Please output only the lines running from the one that contains "(1)手部屈肌腱修复领域关键词共现分析:见图4A。" through the last line of the data below, exactly as they stand, with no pictures.

=== Section Start ===

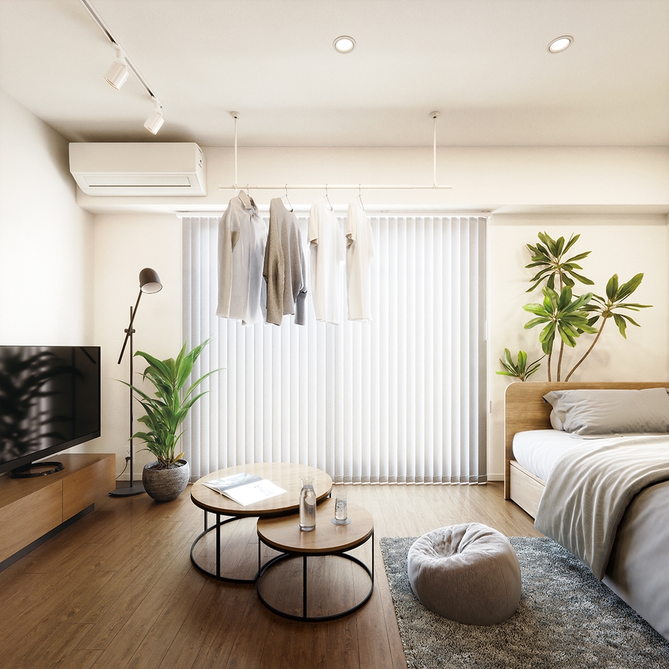 現代のライフスタイルに合わせて高まる「室内干し」ニーズに対応した、スタイリッシュで高機能な室内物干しです。ワンタッチで着脱できる吊りポールにより、使わないときはすっきり収納可能です。また、製品全体をマットな質感で統一し、生活感を抑えた空間になじむデザインにしました。さらに、「ゆれピタ機能」による揺れの軽減や、最大2,340mmまで伸縮できる本体バーなど、使い勝手にも優れています。
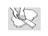 Skal du lage en kurve, streker du først opp med kritt eller rissenål. Så banker du av fra kanten med en kulehammer. Stopp et lite stykke fra streken og finhugg med en skiferkniv.
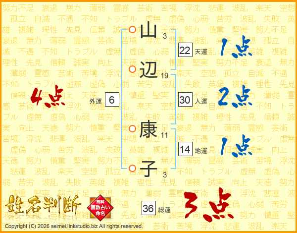 山辺康子さんの総運は36画の3点!
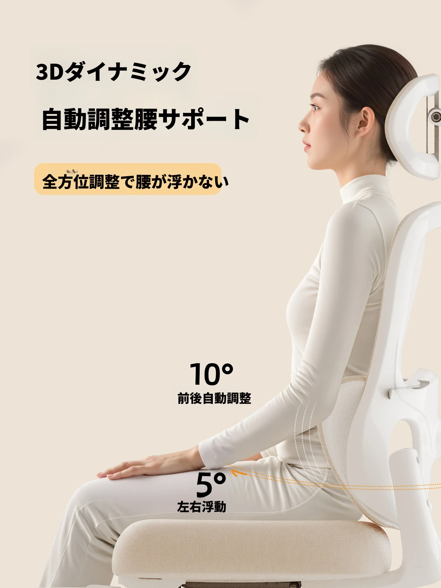 長時間座っても疲れない!快適でリラックスできるオフィス用エルゴノミクスチェア。調整可能な腰サポートとリクライニング機能付きで、最高の座り心地を実現!
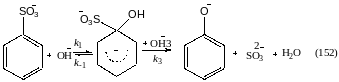 В соответствии с общими положениями ароматического нуклеофилыюго замещения и данными, полученными при изучении кинетики этой реакции, в настоящее время механизм щелочного плавления может быть представлен уравнением (3). Считают, что при действии второго гидроксид-иона происходит отрыв протона от гидроксильной группы -комплекса. Электронодонорное влияние образующегося заместителя О способствует последующему отщеплению иона SO32
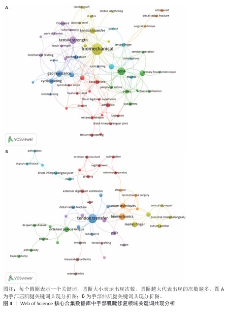 (1)手部屈肌腱修复领域关键词共现分析:见图4A。
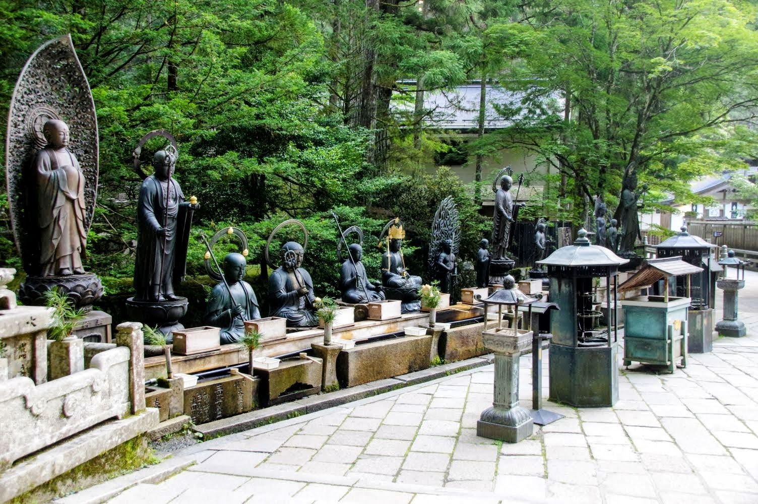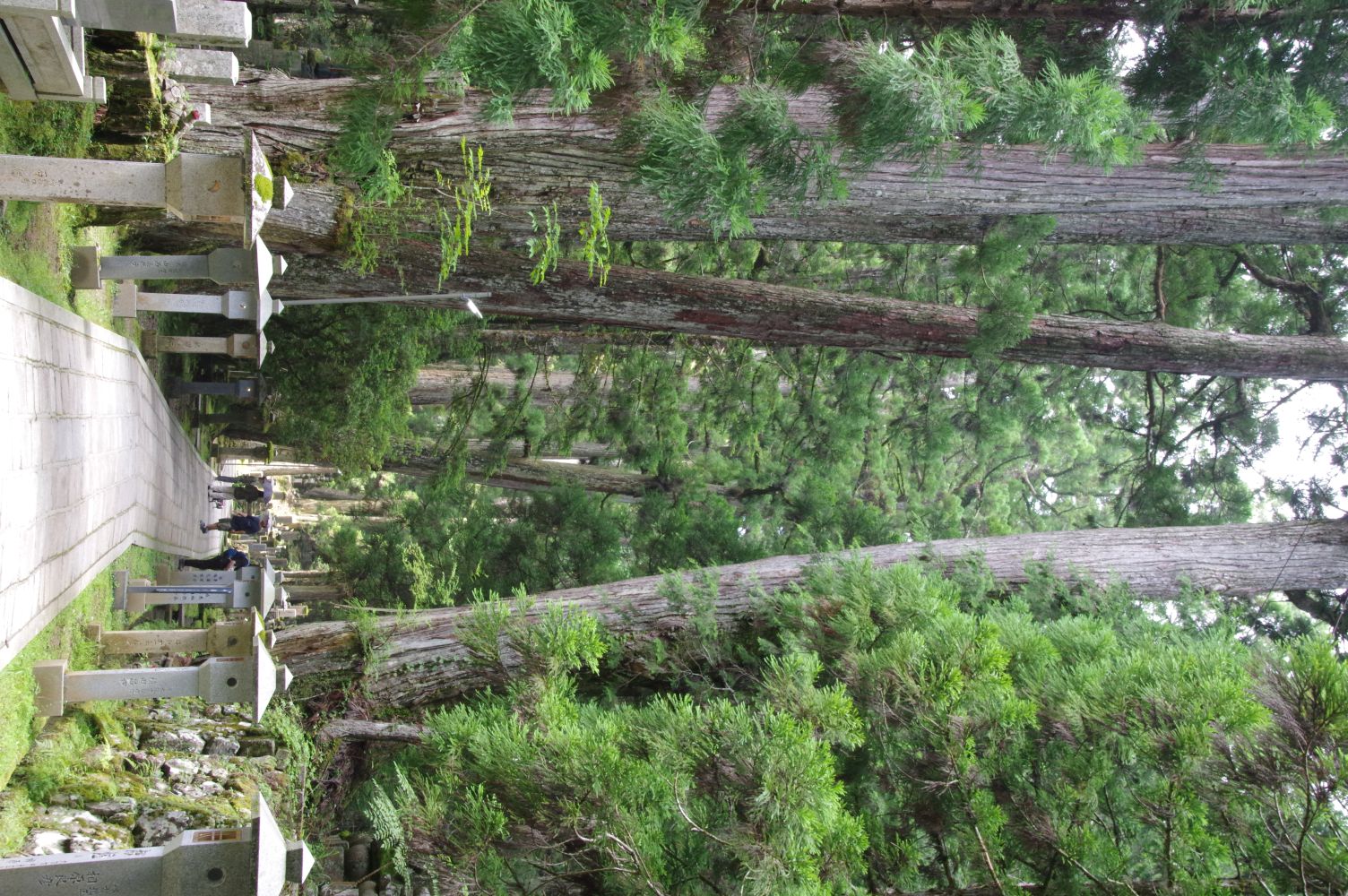 On both sides of the approximately 2 km approach leading from Ichinohashi. the entrance to the main approach. to Kobo Daishi's mausoleum. towering old cedars that are hundreds of years old. Under these old cedars stand more than hundreds of thousands of memorial towers for people from all eras who wish to be as close to the Daishi as possible. proving that Koyasan is the most sacred place in Japan.

=== Section End ===

__Response below__.
 (1)手部屈肌腱修复领域关键词共现分析:见图4A。
 On both sides of the approximately 2 km approach leading from Ichinohashi. the entrance to the main approach. to Kobo Daishi's mausoleum. towering old cedars that are hundreds of years old. Under these old cedars stand more than hundreds of thousands of memorial towers for people from all eras who wish to be as close to the Daishi as possible. proving that Koyasan is the most sacred place in Japan.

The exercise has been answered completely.